That day, 23rd of October, 2016 I was out on a brisk walk in the morning. Under a tall slim tree, I witnessed a young crow being taught to fly by its elder one. It was pulling the young one with its beak through its wings. But the young one was resolute to move. I was curious whether the small one was paying its ignorance on its elder one or it couldn’t really fly. Then, to test it, I just appeared to be as a threat by nearing it but in contrast to my opinion, it couldn’t fly.
It jumped a little distance away so I thought not to bother that little creature and paved my way back.
In my mind, I was appreciating the mother nature for being humble and realizing that all parents whether it be human or animals, they are concerned about their child learning the required skills.
That morning, I felt satisfied for an anonymous reason after observing the love-some and a tender panorama of life.
The next day again, I was passing through the same path, recalling the young crow that I had witnessed the day before.

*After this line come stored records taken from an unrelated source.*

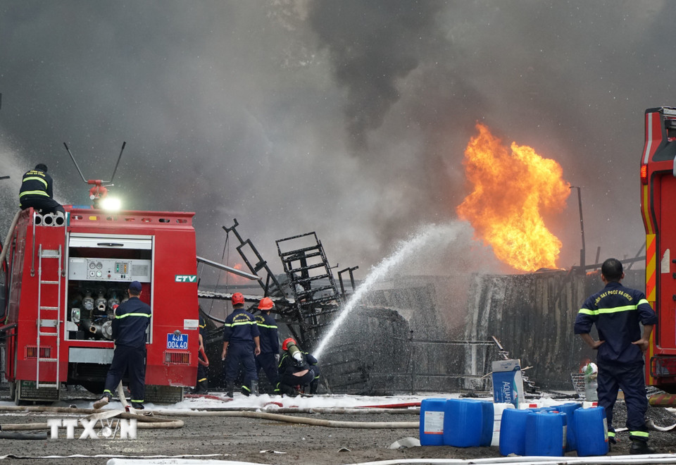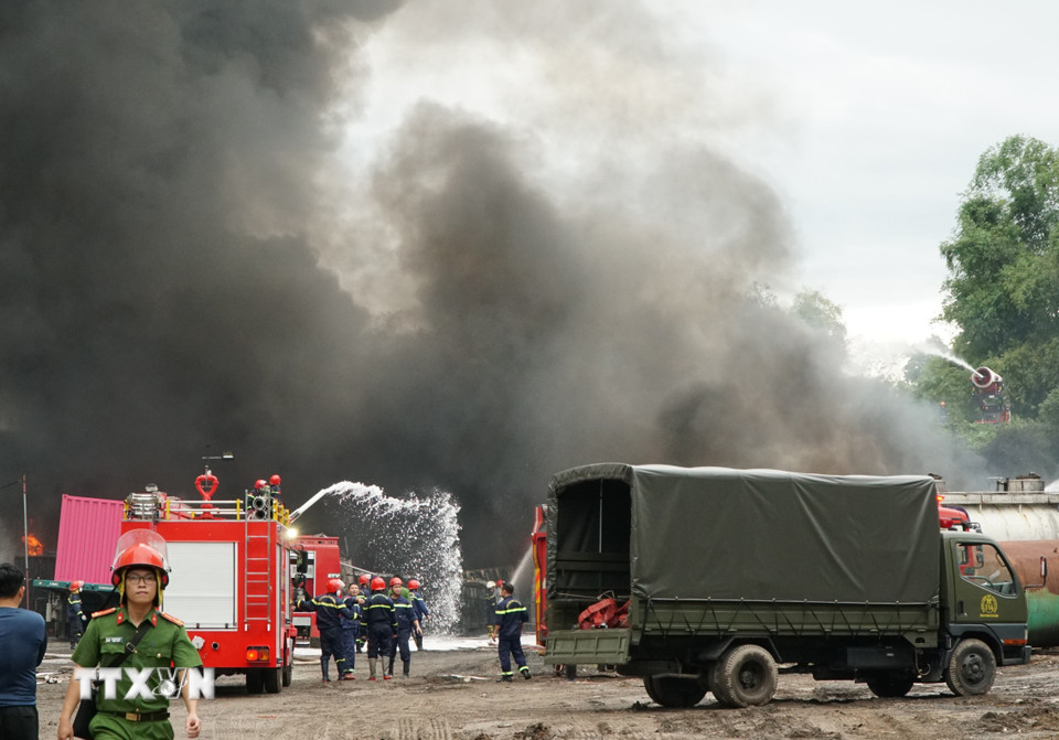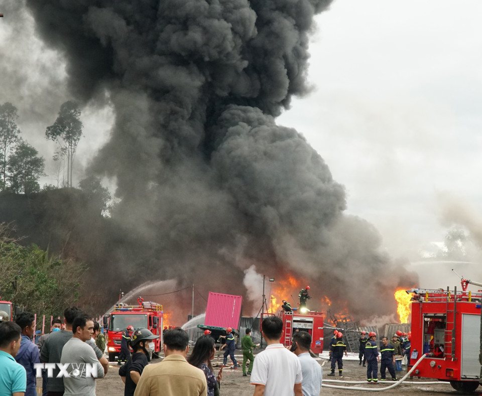 Đám cháy bùng phát tại bãi đỗ xe hàng hóa ngoài trời. (Ảnh: Quốc Dũng/TTXVN)
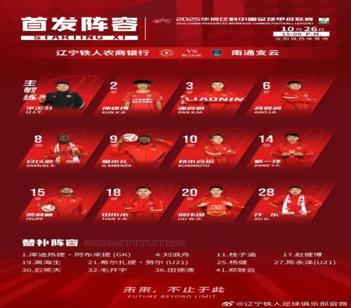 遼寧鐵人與南通支云的首發(fā)陣容揭曉姆本扎與邦本宜裕領(lǐng)銜陳彬彬?qū)⒙氏瘸鰣鯻中超直播
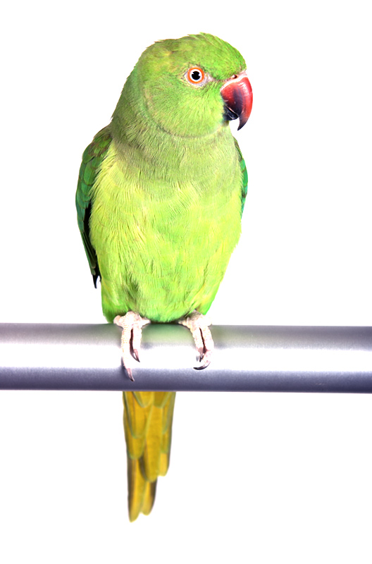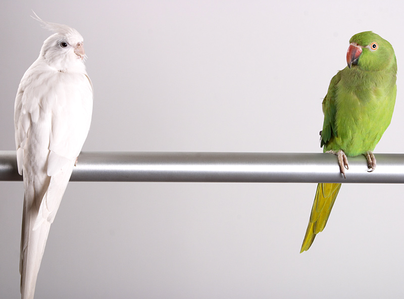 Casper the albino cockatiel and Gordie the green Indian Ringneck.

And suddenly, my eyes ran through the carcass surrounded by big and small ants. This gave me a thunderbolt shock, it was the same young crow. My eyes welled up with the melancholy tear. A huge block of thoughts hovered over my head- “ It was just yesterday that it was beginning to live its life and even before it made a fly, it passed away. I wanted to find out what might have killed it, what could have its mother done to protect it but, for the world, it’s just a crow! Who would bother what happened, we always have our own life in the big picture.
I don’t have any conclusion to it, neither do I have an opinion. It just had a deep impact on me, I felt like I found myself, whom I had lost even when I was not aware of. I understood the fragileness of life that in a matter of seconds we could turn into ashes and it doesn’t bother the world. Everything functions as it was functioning before, it’s just we who feel this life to be enormous.